*** Begin section ***

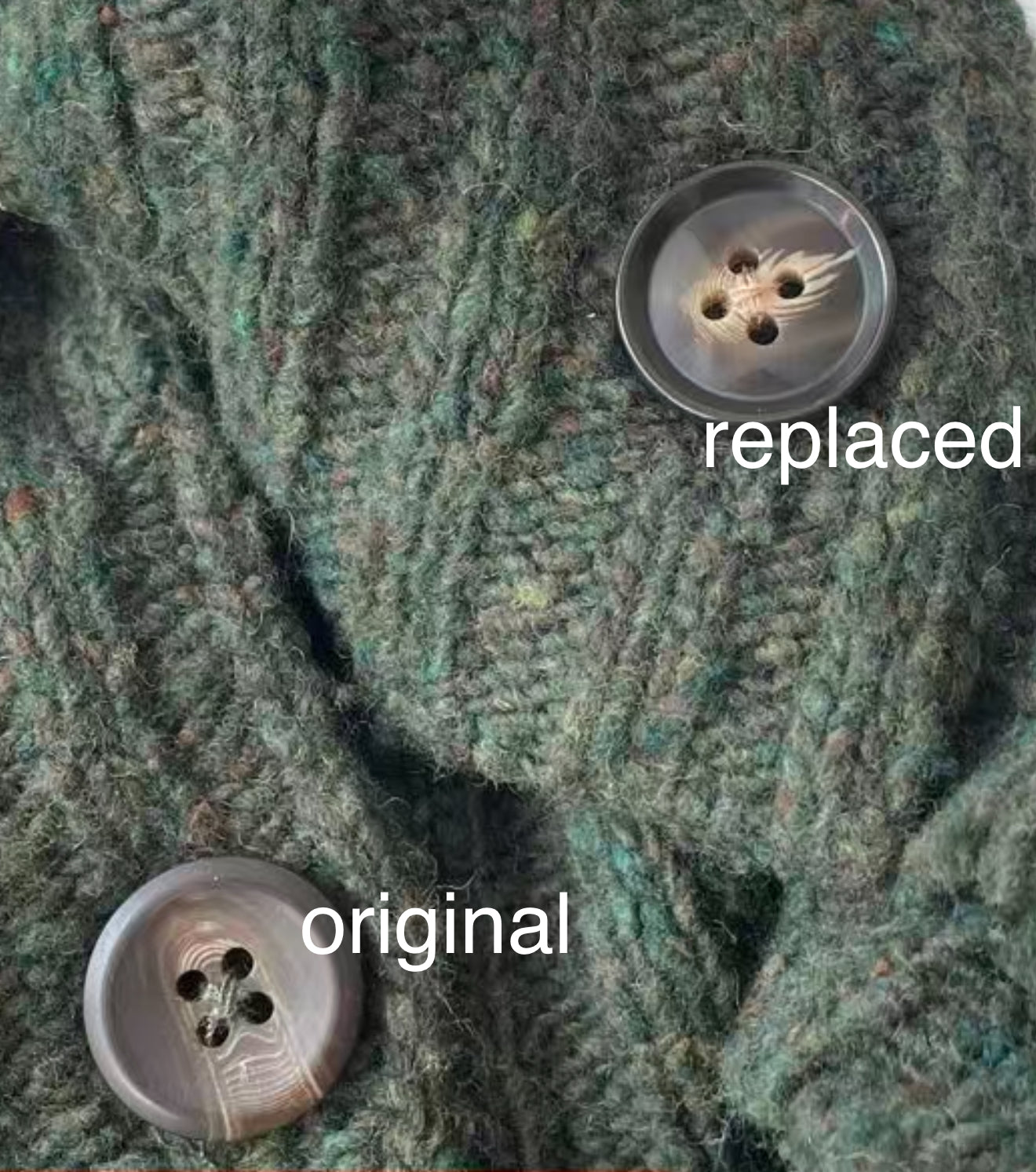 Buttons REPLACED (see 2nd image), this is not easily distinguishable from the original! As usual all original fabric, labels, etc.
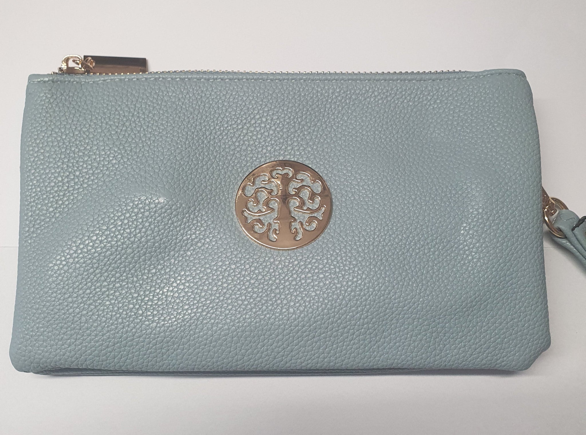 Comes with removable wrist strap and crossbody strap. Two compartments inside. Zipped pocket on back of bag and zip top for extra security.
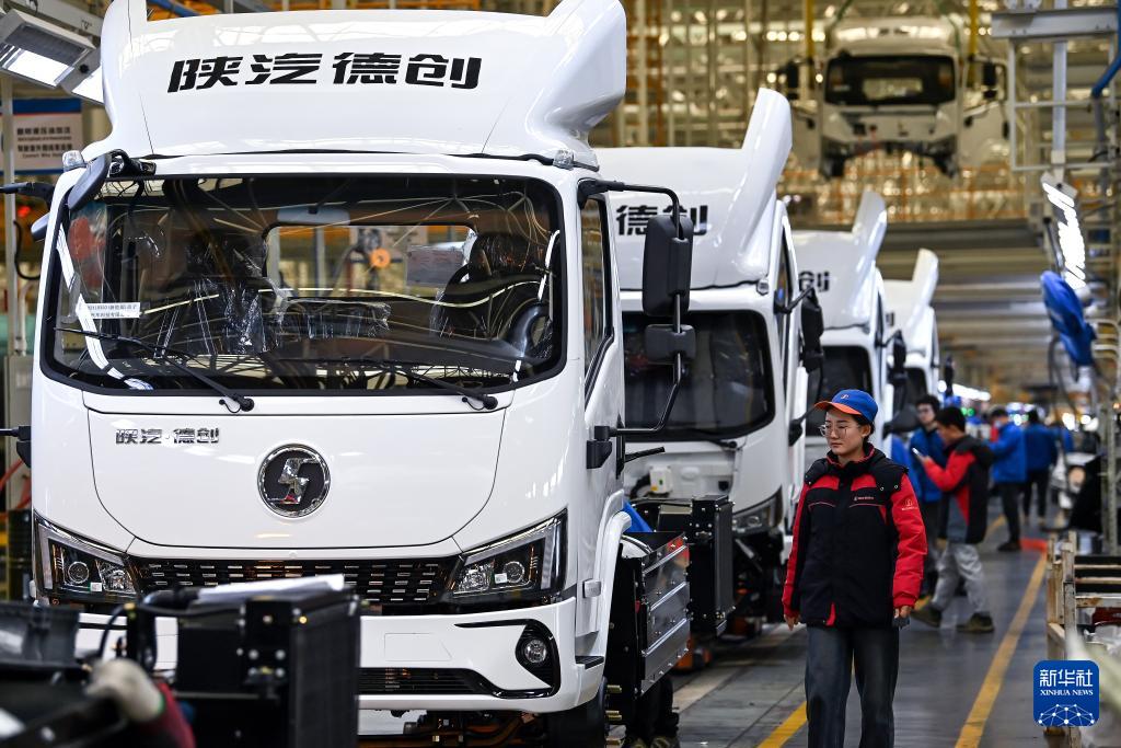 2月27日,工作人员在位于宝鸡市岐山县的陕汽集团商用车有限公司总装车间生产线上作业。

*** End section ***

**Exercise requirements**
Beginning with the line containing "Comes with removable" and ending with the last line of the listing above, output those lines exactly as written, without pictures.

**Answer space**
 Comes with removable wrist strap and crossbody strap. Two compartments inside. Zipped pocket on back of bag and zip top for extra security.
 2月27日,工作人员在位于宝鸡市岐山县的陕汽集团商用车有限公司总装车间生产线上作业。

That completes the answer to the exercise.